In early March, Russia vetoed OPEC’s proposed cut to stabilize oil prices, leading to its collapse. Since then, its value has not stopped falling, also taking into account that Saudi Arabia, which in principle agreed to reduce production, increased it and began to sell oil on the international market at a price of balance, which caused unrest in the Kremlin. Moscow advocated leaving production as it was, without cuts, but also without excessive increases.

So President Vladimir Putin, pressed by the economic situation in his country and under pressure from his American counterpart, Donald Trump, has been forced to take action on the matter and, yesterday Friday during a remote meeting with his collaborators, relented and was ready to decrease the production of Russian black gold, just on the eve of the online meeting to be held on Monday by the world oil cartel and its allies, OPEC +. He spoke of a “preliminary” reduction in production of 10 million barrels a day of crude oil to, he said, “balance the market.” The ad shot up prices.

But Putin also said that those who broke the agreement in Vienna on March 6 were not the Russians, but the Saudis, because they wanted, according to him, “to get rid of their competitors,” specifically the US shale companies. These words have caused outrage in Riyadh. Saudi Arabia’s energy minister, Abdulaziz bin Salman al Saud, has dismissed as “categorically false” Russia’s allegations of Saudi Arabia’s alleged refusal to extend the agreement between OPEC + countries.

Meanwhile, the coronavirus in Russia continues to advance, although in a moderate way. According to the latest data on the evolution of the pandemic, the country as a whole has registered 582 new cases, bringing the total to 4,731 and the death toll to 43. In Moscow, the increase in those infected by COVID-19 has been 434, putting the total in the Russian capital at 3,427 infected, according to a correct calculation although the Moscow City Hall gives the figure of 3,357, and 24 dead.


Saudi Arabia imputes 300 people for corruption



The authorities of Saudi Arabia they have arrested in recent days about 675 people and have imputed almost 300 of them within the framework of a new campaign against corruption, as reported by the Authority for Control and Against Corruption (Nazaha). The agency has indicated that the investigations against the accused involve embezzlement of funds worth 379 million riyals (about 91.3 million euros), as reported by the Saudi state news agency, SPA.

The defendants have been charged with bribery, embezzlement, waste and abuse of power, among others, and the cases against them will be addressed by a special court on corruption.

The announcement has arrived a week after the arrest of a fourth prince of the Arab kingdom in a new purge of opponents after the crown prince, Mohamed bin Salmán, ordered in 2017.

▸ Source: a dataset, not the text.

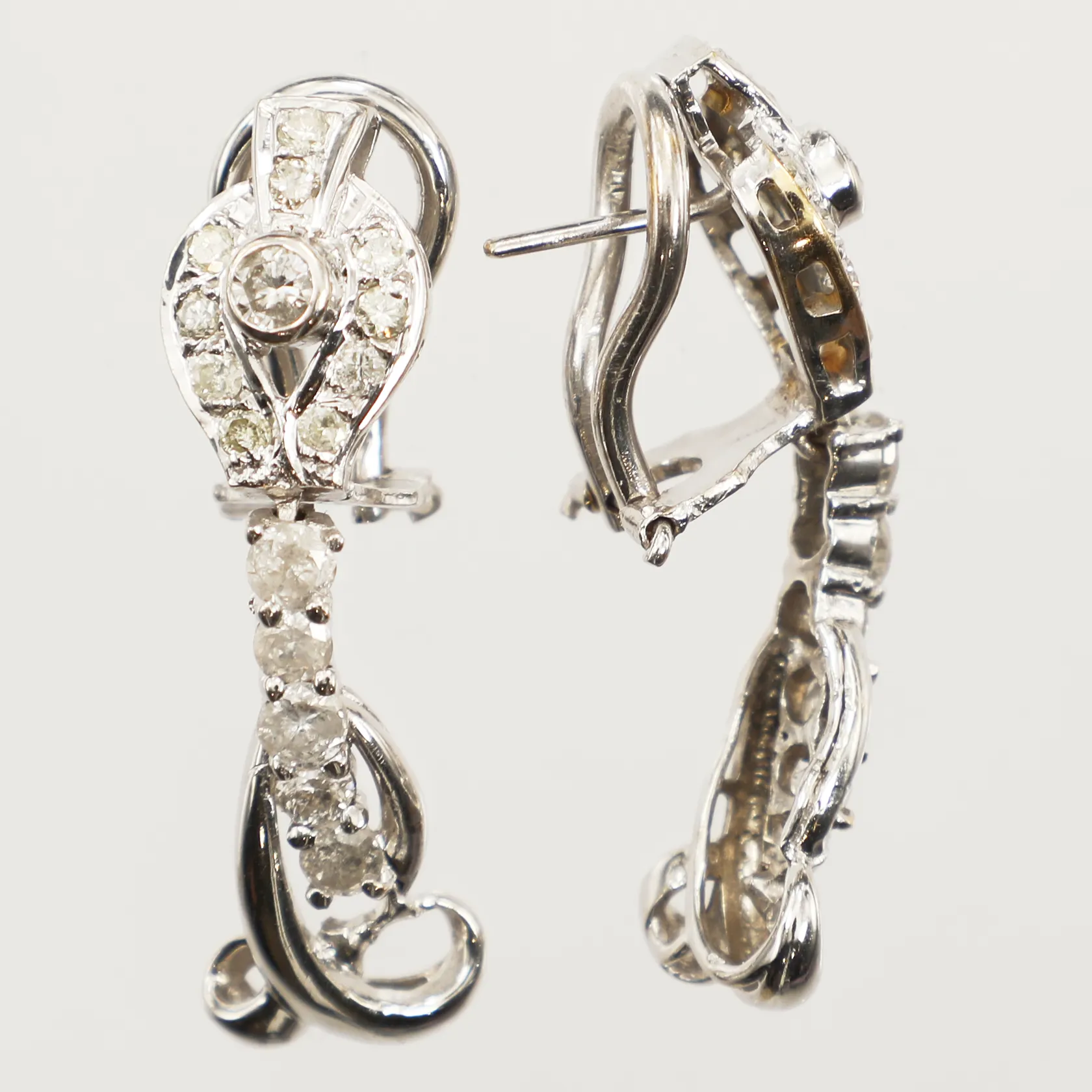 Ett par örhängen med diamanter, 32xca0,03-0,12ct indikerar på syntetiska, tydliga inneslutningar, vitguld, längd 37mm, bredd 10mm, vitguld, 18K Vikt: 12,8 g.

After the arrests, rumors began to spread of a possible illness of the 84-year-old King Salmán, or his imminent abdication, although the monarch reappeared in public hours later to dispel this information.

Saudi Arabian authorities announced in January 2019 the end of their campaign against corruption started 15 months earlier by order of the crown prince and noted that he had recovered 400,000 million riyals (about 92,874 million euros) during it. The campaign helped consolidate the crown prince’s power, while It alarmed much of the traditional business establishment.

The arrest campaign started hours after King Salman decreed the creation of an anti-corruption committee headed by the crown prince, who is also deputy prime minister and defense minister. A royal decree issued later indicated that the campaign was launched in response to “exploitation by some of the weak souls who have put their interests above the public interest to unlawfully increase their money.”

The Royal House detailed that 381 people were cited during the campaign, some as witnesses and others as defendants, while 87 of them confessed and agreed to enter into agreements to return money and property.